Now you will be able to run migrations from the release with bin/myapp migrate.

3. Create the Build Dockerfile

  1. Add a .dockerignore file to your app's root directory to prevent build artifacts and other unecessary files from being copied into the build container. This is necessary to ensure that when we run the container to build the release, fresh compiles the app, installs fresh Node dependencies on its own, etc. so that none of the host machine's build artifacts leak onto the container.
# Git data
.git

# Elixir build artifacts
_build
# Don't ignore the directory where our releases get built
!_build/prod/rel
deps

# Node build artifacts
node_modules

# Tests
test

# Compiled static artifacts
priv/static

Phoenix 1.3: the file needs to be modified slightly for the new location of node_modules.

diff --git a/.dockerignore b/.dockerignore
index 858de0d..c20021c 100644
--- a/.dockerignore
+++ b/.dockerignore
@@ -6,7 +6,7 @@ _build
 deps
 
 # Node build artifacts
-node_modules
+assets/node_modules
 
 # Tests
 test
# Git data
.git

# Elixir build artifacts
_build
# Don't ignore the directory where our releases get built
!_build/prod/rel
deps

# Node build artifacts
assets/node_modules

# Tests
test

# Compiled static artifacts
priv/static
  1. Add a file called Dockerfile.build to the root directory of your app. This file will be used to build the release inside a Docker container with Alpine Linux (the base image we will run the release in) as the target architecture.
FROM bitwalker/alpine-elixir-phoenix:1.6.1

ENV MIX_ENV prod

# Add the files to the image
ADD . . 

# Cache Elixir deps
RUN mix deps.get --only prod
RUN mix deps.compile

# Cache Node deps
RUN npm i

# Compile JavaScript
RUN npm run deploy

# Compile app
RUN mix compile
RUN mix phoenix.digest

# Generate release
ENTRYPOINT ["mix"]
CMD ["release", "--env=prod"]

Phoenix 1.3: the file should be modified slightly to accomidate the new assets directory, and the new phx.digest command.

diff --git a/df b/df
index fb7078b..6ea163e 100644
--- a/df
+++ b/df
@@ -9,15 +9,17 @@ ADD . .
 RUN mix deps.get --only prod
 RUN mix deps.compile
 
+WORKDIR assets
 # Cache Node deps
 RUN npm i
 
 # Compile JavaScript
 RUN npm run deploy
 
+WORKDIR ..
 # Compile app
 RUN mix compile
-RUN mix phoenix.digest
+RUN mix phx.digest
 
 # Generate release
 ENTRYPOINT ["mix"]
FROM bitwalker/alpine-elixir-phoenix:1.6.1

ENV MIX_ENV prod

# Add the files to the image
ADD . . 

# Cache Elixir deps
RUN mix deps.get --only prod
RUN mix deps.compile

WORKDIR assets
# Cache Node deps
RUN npm i

# Compile JavaScript
RUN npm run deploy

WORKDIR ..
# Compile app
RUN mix compile
RUN mix phx.digest

# Generate release
ENTRYPOINT ["mix"]
CMD ["release", "--env=prod"]

4. Add a Build Script

Next we will add a shell script which will build the release.

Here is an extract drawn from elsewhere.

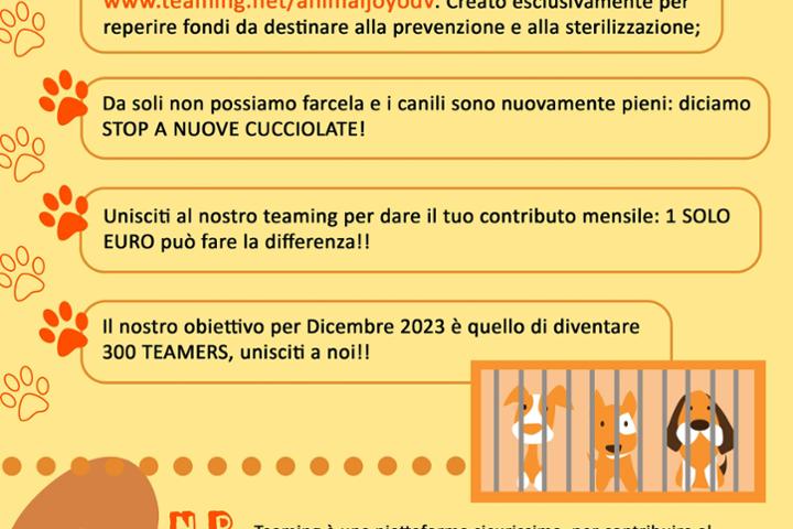 Questo gruppo teaming nasce per supportare l'attività dell' Associazione Animal Joy OdV. L' Associazione nasce ed opera in provincia di Roma a favore dei cani presenti nei canili, promuovendo adozioni consapevoli e favorendo azioni di prevenzione del randagismo. Unisciti a noi! In tanti possiamo fare tanto!
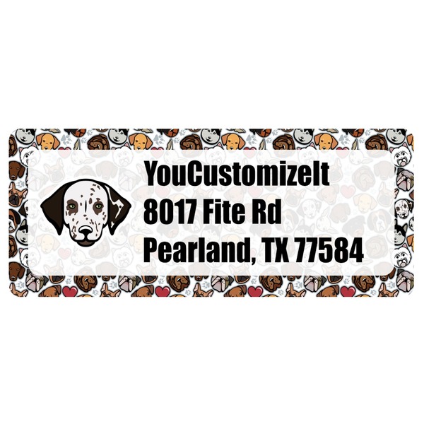 We have all 12 dogs in our design elements library, so you can switch out the dog face that works for you and customize the design to suit your needs.

This script first builds the release builder image using Dockerfile.build, and then it runs the container, with a volume connected to the host machine's rel/ directory. This way, when the container is run, the release is built inside of the rel/ directory inside of the container but the release remains on the host machine in the same directory after the container exists. Remember, since the release is built inside the container for the Alpine Linux architecture, you will probably not be able to run this release on your host machine.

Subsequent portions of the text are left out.